▶ [SOURCE DATA]
━━━

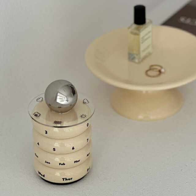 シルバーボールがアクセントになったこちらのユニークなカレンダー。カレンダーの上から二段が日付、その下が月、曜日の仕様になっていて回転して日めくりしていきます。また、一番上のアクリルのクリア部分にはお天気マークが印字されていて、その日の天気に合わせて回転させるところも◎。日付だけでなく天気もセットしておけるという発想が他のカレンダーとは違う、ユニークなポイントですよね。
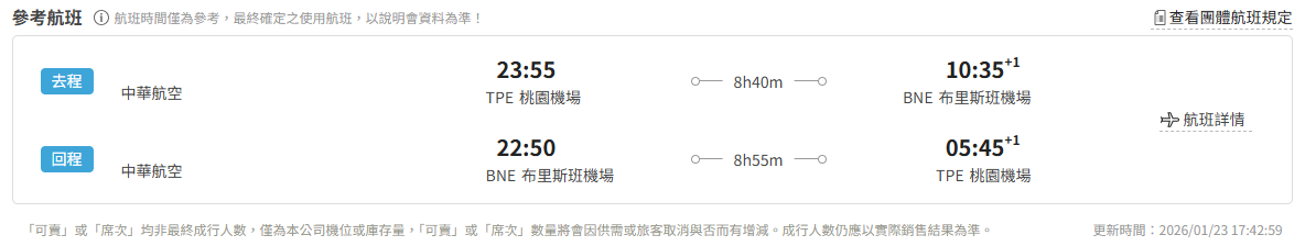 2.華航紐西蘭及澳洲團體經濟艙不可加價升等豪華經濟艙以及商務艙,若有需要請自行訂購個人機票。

━━━

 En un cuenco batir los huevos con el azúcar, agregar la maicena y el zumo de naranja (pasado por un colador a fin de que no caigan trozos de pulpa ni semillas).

━━━

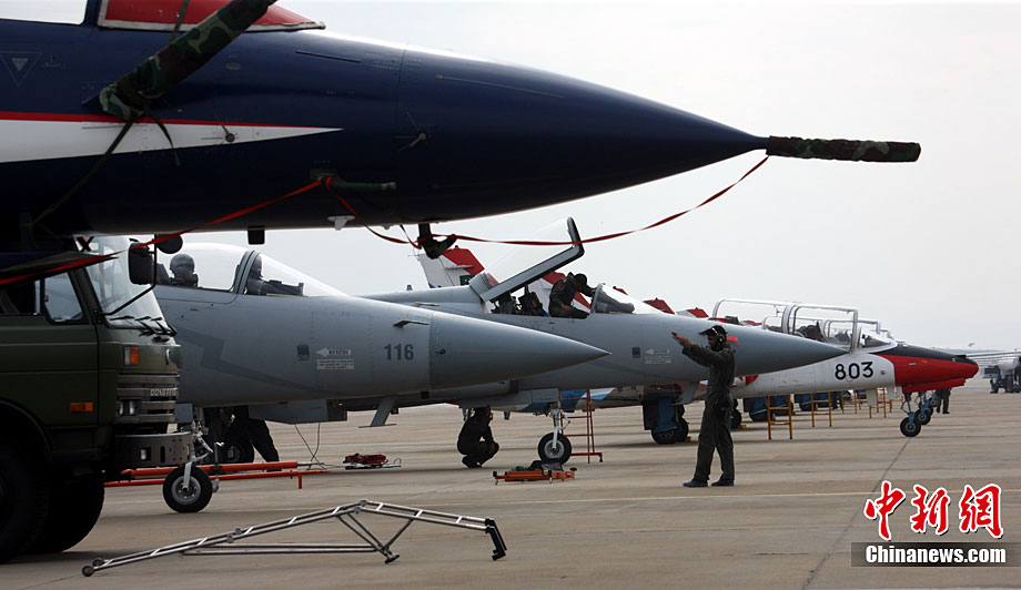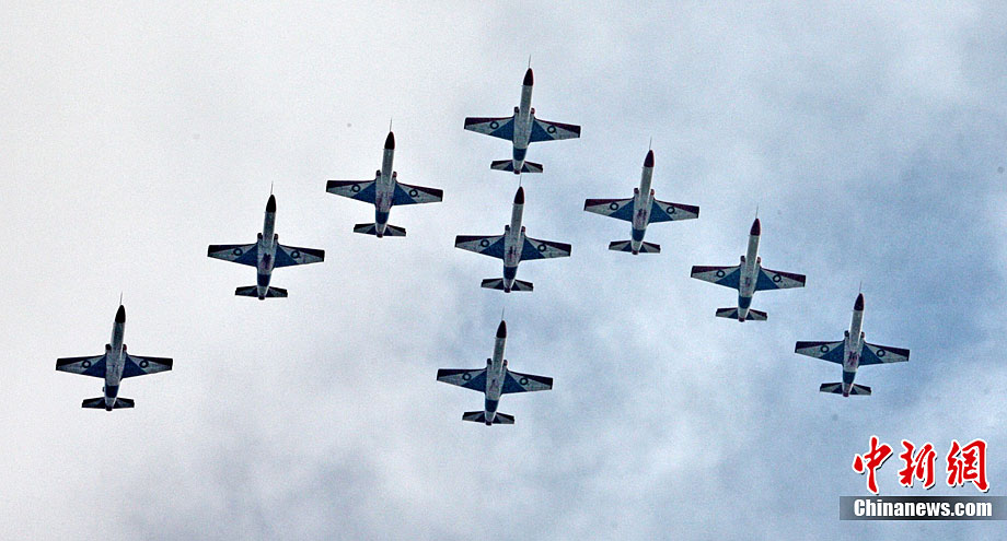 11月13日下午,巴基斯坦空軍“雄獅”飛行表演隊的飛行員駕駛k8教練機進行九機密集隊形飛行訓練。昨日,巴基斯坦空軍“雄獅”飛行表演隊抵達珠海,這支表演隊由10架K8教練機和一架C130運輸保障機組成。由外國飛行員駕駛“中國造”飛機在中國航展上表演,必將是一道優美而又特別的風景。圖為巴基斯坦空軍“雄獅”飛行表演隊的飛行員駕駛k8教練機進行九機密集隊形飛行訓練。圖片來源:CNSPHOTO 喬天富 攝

━━━

▶ [TASK] Copy only these lines from the records above, exactly: the one with "シルバーボールがアクセントに", the one with "2.華航紐西蘭及澳洲團體經濟", and those between. Skip the pictures.

▶ [EXERCISE RESPONSE]
 シルバーボールがアクセントになったこちらのユニークなカレンダー。カレンダーの上から二段が日付、その下が月、曜日の仕様になっていて回転して日めくりしていきます。また、一番上のアクリルのクリア部分にはお天気マークが印字されていて、その日の天気に合わせて回転させるところも◎。日付だけでなく天気もセットしておけるという発想が他のカレンダーとは違う、ユニークなポイントですよね。
 2.華航紐西蘭及澳洲團體經濟艙不可加價升等豪華經濟艙以及商務艙,若有需要請自行訂購個人機票。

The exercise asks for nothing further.